Stack Overflow Asked by dnv89 on November 15, 2021
I have a table that looks like this. (In reality, there are over a million rows and 70-something columns)
ind1 ind2 ind3 ... indn
0.1 0.2 0.3 0.4 0.5
1.0 0.9 0.8 0.7 0.6
1.0 1.0 1.0 1.0 1.0
0.9 0.9 0.9 0.9 0.9
I want an automated procedure to create a histogram for every column in the table. This is the code I have, but it doesn’t work
for (i in 1:10){
plN <- ggplot(cdf, aes(x=colnames(cdf)[i])) + geom_histogram(binwidth = 0.01)
plot(plN)
}
How do I extract the column name for the ith column of the dataframe, so I can plug that in in place of x=…? The current setup doesn’t work.
(Answered in Duck’s comment below. Thanks for the help!)
I also like writing single functions and then using a loop to call the function.
I'll create your dataset with some random numbers.
library(tidyverse)
set.seed(123)
cdf <- data.frame(
A = rnorm(1000, -3, 1),
B = rnorm(1000, 1, 1),
C = rnorm(1000, 5, 10),
D = rnorm(1000, -3, 2)
)
Then write a function to graph a given dataset and function.
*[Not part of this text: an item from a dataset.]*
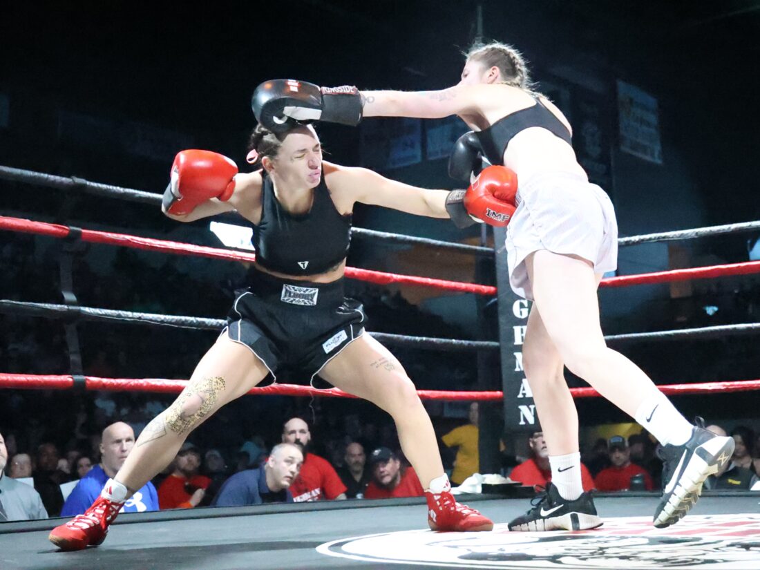 Wheeling’s Lersten McAbee, left, jabs to the stomach of Mary Kaffana, of Mingo Junction, in their women’s lightweight bout during the opening night of the 43rd annual Ohio Valley Toughman Contest inside WesBanco Arena in downtown Wheeling. McAbee earned a unanimous decision.
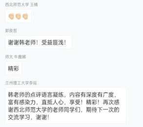 德赢vwin体育官网登录的王楠同学说:“今天正值五四青年节,听了西北师大与理工大两校联动云端的宣讲,让我们切切实实的上了四堂小思政课,四位宣讲人在宣讲的过程中,分别在与中国道路、乡村振兴、脱贫攻坚等相关中国实际问题相结合后,又与时代青年的前途发展相联系,让我们真切地感受到了中国力量,中国担当,青春色彩,青年风采,通过此次宣讲,让我们青年更加深刻的感受到,要用奋斗致敬青春,用实干开创未来!”

I also include whether to print it.
myhist_function <- function(mydata, mycolumn, printit = F) {
mycolname <- colnames(mydata)[mycolumn]
coltograph <- mydata[mycolumn]
ggplot(mydata, aes(x = mydata[, mycolumn])) +
geom_histogram(binwidth = 0.1) +
xlab(mycolname) -> plN
if (printit == T) {
print(plN)
}
return(plN)
}
Calling the function as such once looks like:
myhist_function(mydata = cdf, mycolumn = 2, printit = T)
Then I can create an empty list, and loop over whatever columns I desire for any given dataset. And populate the list with ggplot2
graph objects.
mygraphs <- list()
columns_toplot <- names(cdf)
for (i in seq_along(columns_toplot)) {
mygraphs[[i]] <-
myhist_function(mydata = cdf, mycolumn = i, printit = F)
}
names(mygraphs) <- columns_toplot
You can visualize any graph you wish by mygraphs[[i]]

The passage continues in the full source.